Search code examples
rsqlitesqldfread.csv

read.csv.sql inserts all rows despite the WHERE clause in its SQL clause


I use the following (pseudo) code to import huge CSV files in R when only a rather small portion of the data in the file has to be treated/imported and other rows should simply be ignored. I don't put data in-memory but in a SQLite database which is created by the program.

library(sqldf)
suppressWarnings(read.csv.sql(
    file = input_file_path,
    sql = "
       create table mytable as 
       select
           . . .
       from
           file
       where
           . . .
      ",
    header = FALSE,
    sep = "|",
    eol = "\n",
    `field.types` = list( . . . )
    dbname = sqlite_db_path,
    drv = "SQLite"
))

If I understand the documentation of read.csv.sql correctly, the WHERE clause in the CREATE TABLE statement above, guarantees that only rows satisfying the condition of the WHERE clause will be inserted in the created table mytable. However, last night during a test I found somewhat a strange behaviour in my program. I had to import a big CSV file (more than 100 000 000 rows), but only a set of 10 000 rows was the target and all other rows had to be ignored. The above program did the job and at the end, the created table mytable indicated in the code above, had only 10 000 rows as expected which proves that the condition in the WHERE clause was taken into account. However, when I checked the size of the created SQLite database, it was abnormally huge (more than 25 GB). That cannot possibly be the size of 10 000 rows.

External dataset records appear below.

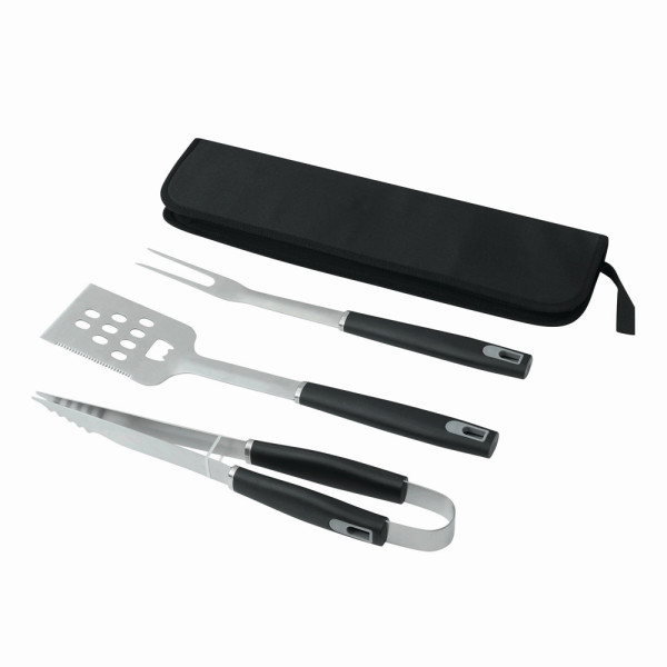 RVS-BBQ-bestel PRETTY BBQ: bestaande uit spatel, vork en tang, in stevige hoes met rits en draaglusmeer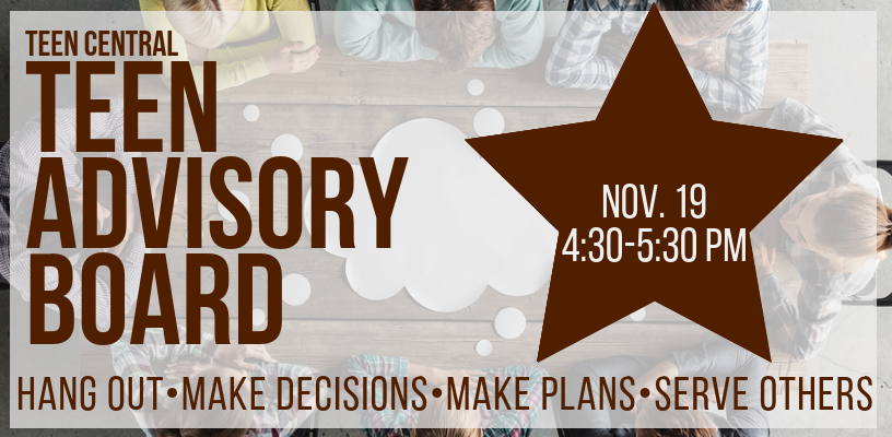 The Teen Advisory Board is a group of teens who meet once a month with the Teen Services Librarian. They advise the Teen Services Librarian on Library programs and materials for teenagers. This is a chance for teens to tell the Librarian what they want from their Library.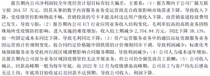 在2022年年报中,广脉科技解释称主要系报告期内公司数字内容服务业务受运营商竞合政策市场需求下降及疫情防控物流不畅等原因。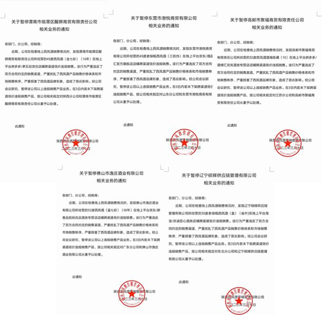 2023年3月7日,20天内西凤酒开出5张处罚通知,暂停了与佛山市逸庄酒业有限公司、辽宁硕辉供应链管理有限公司、高邮市聚福商贸有限责任公司、渭南市临渭区醒狮商贸有限责任公司、东营市渤悦商贸有限公司共5家经销商的违规销售产品合作。
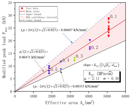 where Pu is the measured peak load and W is the self-weight of the specimen between supports; Pmax is, therefore, the modified peak load considering the effect of specimen self-weight. The cracking fracture toughness can also be obtained from Equations (4) and (5) by replacing Pu with Pini, ac with a0, and αc with α0.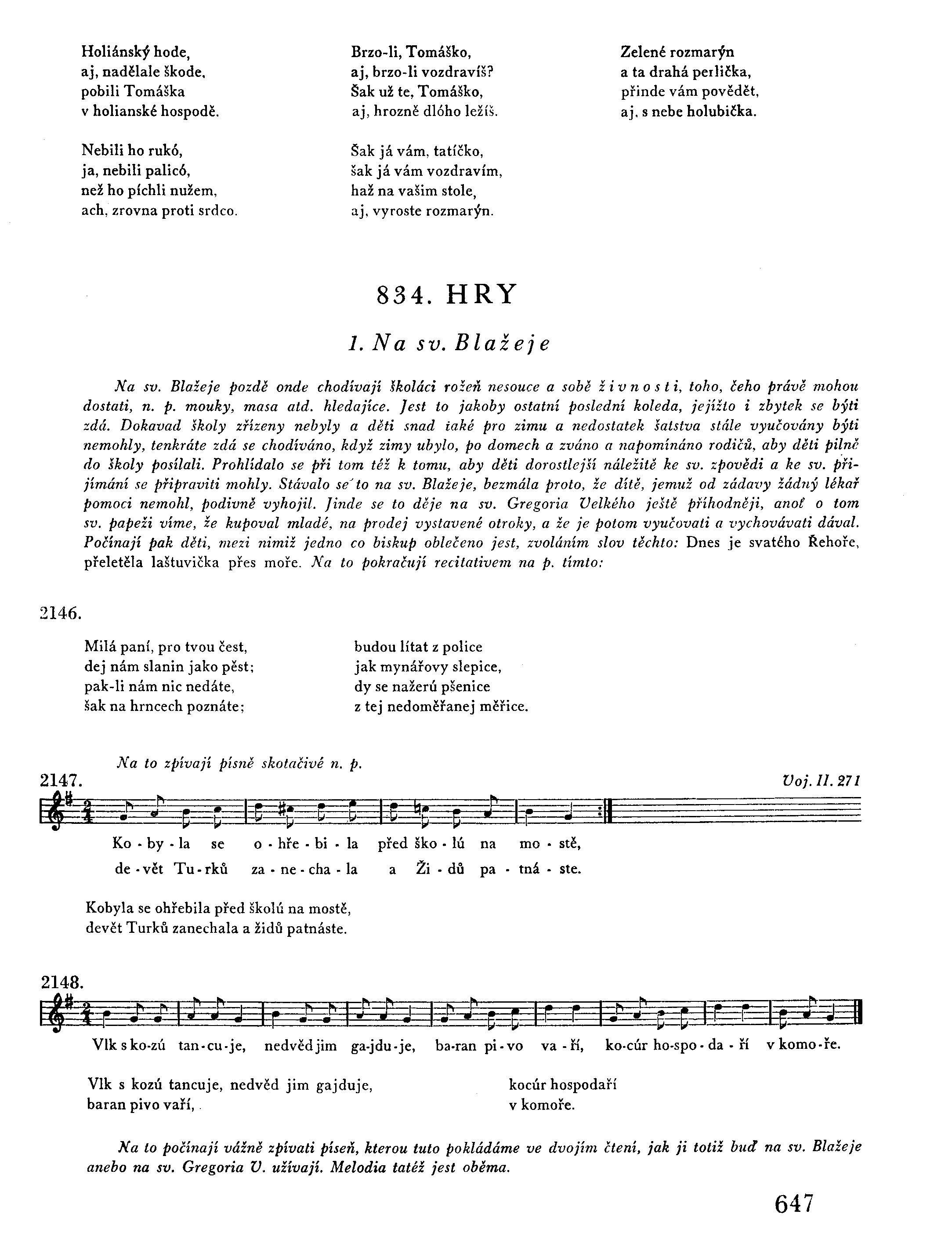 Dva kapuni, [: dva kapuni :] v stodole mlatěji,1) koleda, hej.2) Kokot věje, [: kokot věje, :] kura se mu směje. Koleda, hej. Kocur měři, kočka mišek drži. Baran veze do mlyna na voze. Koza mele, ovca muku seje. Kůň pec pali, kobyla mu chvali. Komar misi, muška vodu nosi. Huska bila, pecenečky vala. Hus sedlata,3) křidlem pec vymetá. Liška saže, zajic ji to maže. Vlk vybira, chleba něpřebyva. Vrana liči a na vilka křiči,4) počkej, vilku, na maličku chvilku. Vilk něčeka, do lesa utěka.

Therefore, I'm confused. What happened during the import process? Why the SQLite database file became so huge depsite the fact that only 10 000 rows were inserted in mytable and everything else was ignored? Is this the normal behaviour or it's me who is not using correctly read.csV.sql?


Solution

  • Thanks to @G. Grothendieck for his clarification :

    It first uses dbWriteTable to write the file to the database. Then it operates on that. You co consider using grep/findstr/xsv to extract out the rows of interest piping that direclty into R. read.table(pipe("grep ..."), sep = ",") or in Windows findstr or the xsv or other csv utility and use that instead of grep. –